══ Information provided ══
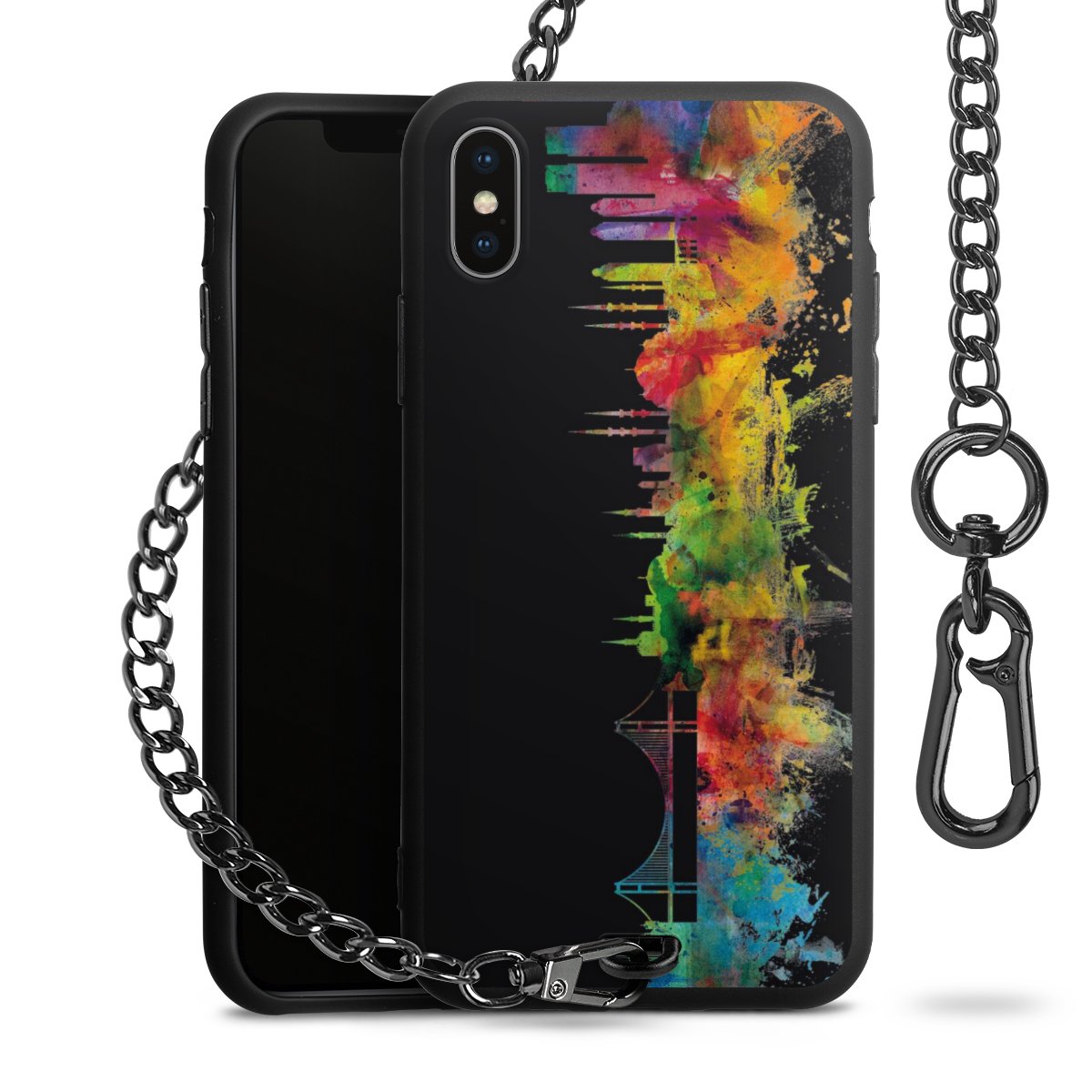 Die mattschwarze Silikon-Handyhülle besteht aus robustem TPU (thermoplastisches Polyurethan). Sie ist flexibel und schützt Dein Smartphone vor Stößen und Kratzern. Die Kette sowie der Karabinerhaken sind aus Metall in Gunmetal-Optik gefertigt. Für dieses Produkt kommen ausschließlich TÜV-geprüfte Materialien zum Einsatz.
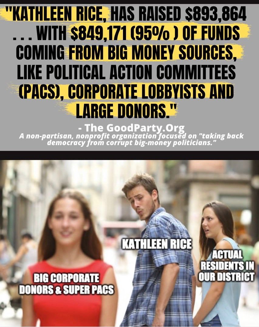 Big money special interests financed 95% of @RepKathleenRice’s campaign including PACs, lobbyists, and large donors. That’s why she’s an absentee Congresswoman never seen in #NY04.
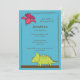 Commencez votre fête du bon pied avec notre invitation d'anniversaire de dinosaure amusante avec deux dinosaures verts et rouges sur un fond bleu. Parfait pour un premier anniversaire ou un anniversaire de tout âge. Entièrement personnalisable par vous avec vos informations. ©Kelly Medina
═══
**Work request**
Please output the material as written, apart from the images.

**Answer for the task**
 Die mattschwarze Silikon-Handyhülle besteht aus robustem TPU (thermoplastisches Polyurethan). Sie ist flexibel und schützt Dein Smartphone vor Stößen und Kratzern. Die Kette sowie der Karabinerhaken sind aus Metall in Gunmetal-Optik gefertigt. Für dieses Produkt kommen ausschließlich TÜV-geprüfte Materialien zum Einsatz.
 Big money special interests financed 95% of @RepKathleenRice’s campaign including PACs, lobbyists, and large donors. That’s why she’s an absentee Congresswoman never seen in #NY04.
 Commencez votre fête du bon pied avec notre invitation d'anniversaire de dinosaure amusante avec deux dinosaures verts et rouges sur un fond bleu. Parfait pour un premier anniversaire ou un anniversaire de tout âge. Entièrement personnalisable par vous avec vos informations. ©Kelly Medina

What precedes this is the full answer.